Error message dialog boxes usually have title bar text containing the application or process name that generated the error. However, you may sometimes encounter a pop-up window with no text in the title bar, making you guess which program has caused the error.
Let’s say 100+ processes are showing up in the Task Manager. Terminating each one at a time to narrow down the process is cumbersome. To track down the respective app easily, use Process Explorer. Use Process Explorer’s “Find Windows’ Process” button (with the crosshair icon) to know a currently open window’s process name.
Find Which Program Owns a Window or Dialog
Using Process Explorer – “Find Windows’ Process” button
- Download Process Explorer and run it as administrator. If Process Explorer is already running unelevated, elevate it by clicking on the File menu and then click “Show Details for All Processes“. This relaunches the program as administrator.
- Restore down the Process Explorer window size. Or keep the error message window and Process Explorer side by side.

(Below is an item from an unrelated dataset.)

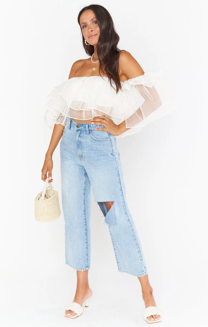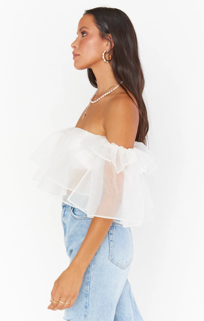 Angel in organza wearing this off the shoulder white top! Ruffled to perfection with elastic around the neckline to keep it in place, this feminine white crop top will bring every outfit to the next level. Bride to be, look no further for the perfect white accent to your shower, bach or rehearsal dinner outfit!

- Drag the Window finder (crosshair icon) button in the toolbar area and drop it on the target window — i.e., the error message dialog or the application window you want to track.
Process Explorer will select the corresponding Process name in the list.

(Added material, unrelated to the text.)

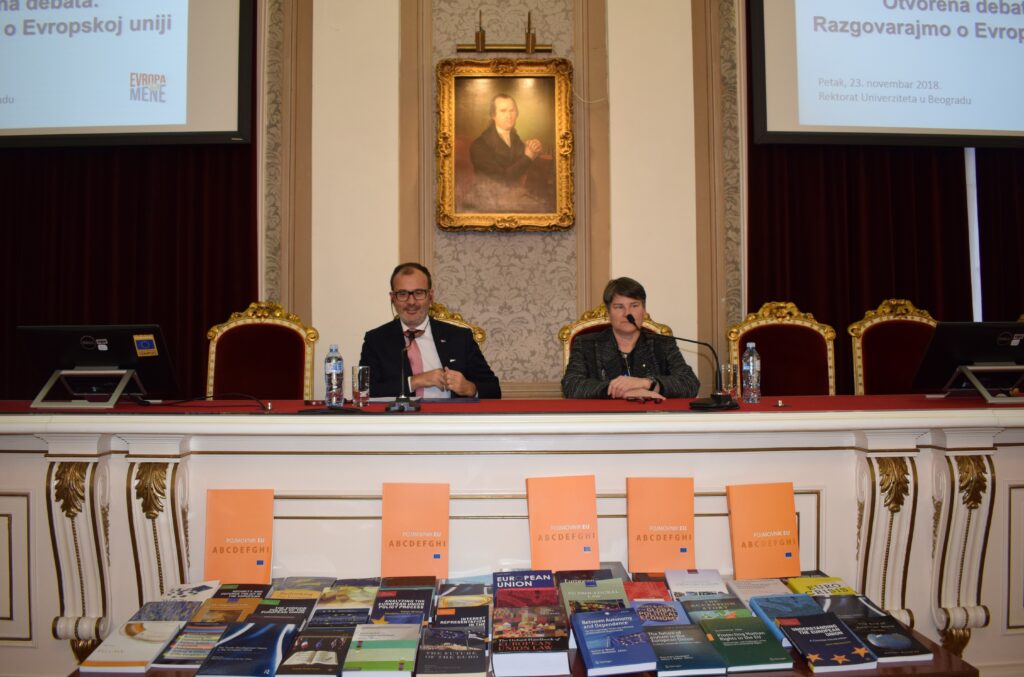 Šef Delegacije Evropske unije u Srbiji Sem Fabrici i rektorka Univerziteta u Beogradu Ivanka Popović razgovarali su 23. novembra sa studentima, profesorima, predstavnicima istraživačke zajednice i nevladinog sektora o aktuelnim dešavanjima u EU i njenim odnosima sa Srbijom.

- Double-click it and look at the “Image” tab to learn more about that process.
Check VirusTotal.com if suspicious
If the executable file name is suspicious, you can submit the hashes to VirusTotal.com (VT) using the “Check VirusTotal.com” context menu for that process.
Right-click on the offending process and click “Check VirusTotal.com”.
Enable the VirusTotal column if it’s not already enabled. You’ll see the hyperlink to the VT results, as in the screenshot below.
Clicking on the hyperlink leads you to the VirusTotal analysis page which contains details about the binary — Here’s a sample link.
(1/70) in the above example means 1 scanner (out of the total 70 scanners) has classified the executable as malware. FYI, 1/70 is usually a false-positive, but please exercise caution anyway.
Now you know which application had raised that error message.
You can also use Window Inspector and Spy++ to track the application that created the window or dialog.
One small request: If you liked this post, please share this?
One "tiny" share from you would seriously help a lot with the growth of this blog. Some great suggestions:- Pin it!
- Share it to your favorite blog + Facebook, Reddit
- Tweet it!
Oh, yeah. The lovely Process Explorer, of course. This freeware system program is certainly #1 in its class.
By the way, Process Explorer is not the only program that can do it. Spy++, a component of Visual C++ can also do this.
This will be very practical, especially for computer repair technicians.
Oh my god. Ive been using process explorer for years, but never knew this. Ive been so annoyed with error windows that I have no idea where come from. Thanks to you (and google).
This is some new info for me! Real helpful.
If the error message is visible in the task bar, you should also be able to go into Task Manager (ctrl+alt+del) and find it listed under the “Applications” tab, then right-click on its entry and hit “Go to Process” and it will tell you the name of the EXE that’s running.
Unfortunately, Windows versions earlier than 6 (Vista) don’t have the option of showing the full path or command line to the process… If you have Vista or later though it comes in handy once in a while.
Thank you, thank you, thank you! I had a dialog box that kept raising itself but even a Google search couldn’t determine which application it was.
Thank you. This helped me out. I had a window pop up announcing an error from and unknown source. I was concerned that it was evil. However, it was from a Samsung utility. Not friendly of Samsung.